これに対し、1級脂肪族アミンを表面処理した表面処理炭酸カルシウムを用いた比較例1及び2においては、HBU測定試験において、ゴム組成物が破壊された。また、比較例3においては、スコーチタイムが非常に短くなり、貯蔵安定性に劣ることがわかる。
または、実施例2と比較例4との比較から明らかなように、2級脂肪族アミンを炭酸カルシウムの表面処理に用いずに、ゴムの混練加工の際に添加した比較例4は、実施例2に比べ発熱温度が高くなっている。また、スコーチタイムが短くなり、引張強度が低下している。このことから、本発明に従い、アミンを表面処理した炭酸カルシウムを用いることにより、発熱温度が低く、スコーチタイムが長く、引張強度が高いゴム組成物が得られることがわかる。
比較例5においては、平均長径が1.5μmの軽微性炭酸カルシウムを用いているが、引張強さ及び発熱温度において劣っていることがわかる。
以上のように、本発明に従う表面処理炭酸カルシウムを用いることにより、発熱温度が低く、スコーチタイムが長く、引張強度が高いゴム組成物が得られることがわかる。このような効果が得られる詳細な理由は明らかではないが、炭酸カルシウムの表面にアミンを処理することにより、効率良くかつ均一にゴム中にアミンを分配することができるためであると思われる。
また、本発明によれば、予めアミンが炭酸カルシウム表面に処理されているので、ゴムの混練の際にアミンを添加する必要がなく、作業効率を高めることができる。
上記の実施例においては、SBRゴムに本発明の表面処理炭酸カルシウムを配合する例を示したが、本発明はこれに限定されるものではなく、その他の天然ゴム及び合成ゴムに配合することができる。

Claims (5)

  1. 炭酸カルシウムの表面を、2級脂肪族アミン及び3級脂肪族アミンから選ばれる少なくとも1種のアミンと、脂肪酸類及び樹脂酸類から選ばれる少なくとも1種の有機酸とで表面処理したことを特徴とする表面処理炭酸カルシウム。
  2. 炭酸カルシウムの平均一次粒子径が、0.01〜1.0μmの範囲であることを特徴とする請求項1に記載の表面処理炭酸カルシウム。

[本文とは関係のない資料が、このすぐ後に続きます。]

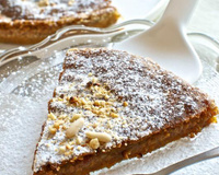 Saupoudrer le gâteau de sucre glace et de pignons de pin. Servir à température ambiante.
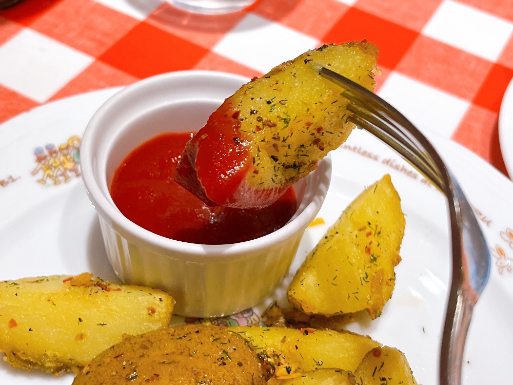 「ってのは建前で。ほんとはこのハーブポテトってやつを前から食べて見たかったんだよね」
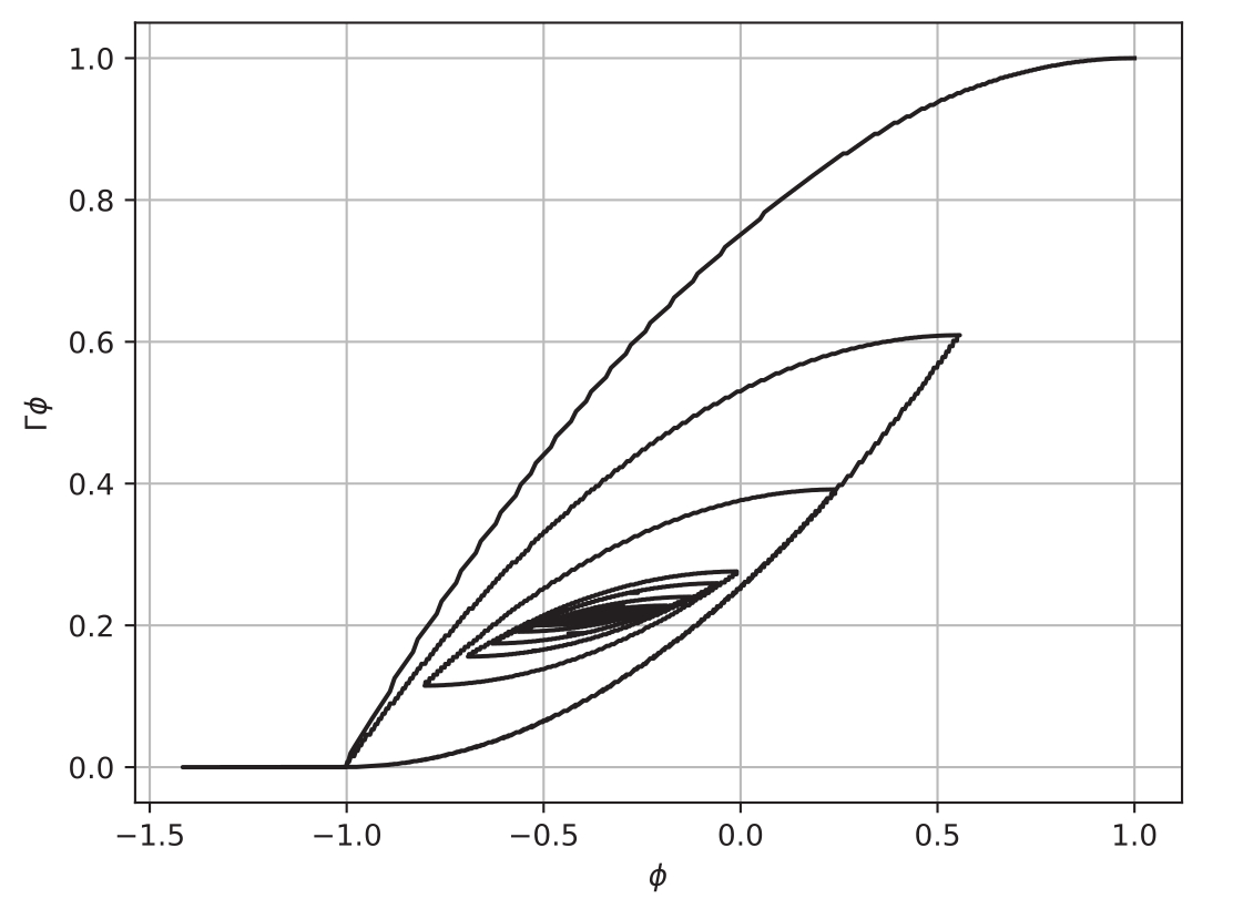На рис. 1.8 представлена гистерезисная кривая в координатах (φ, Γφ). Из рисунка видно, что после нескольких циклов колебаний достигается установивший режим.

  3. アミンの処理量が、炭酸カルシウム100重量部に対し、0.1〜5重量部であることを特徴とする請求項1または2に記載の表面処理炭酸カルシウム。
  4. 有機酸の処理量が、炭酸カルシウム100重量部に対し、0.5〜8重量部であることを特徴とする請求項1〜3のいずれか1項に記載の表面処理炭酸カルシウム。
  5. 天然ゴムまたは合成ゴム100重量部に対し、請求項1〜4のいずれか1項に記載の表面処理炭酸カルシウムを0.5〜100重量部配合したことを特徴とするゴム組成物。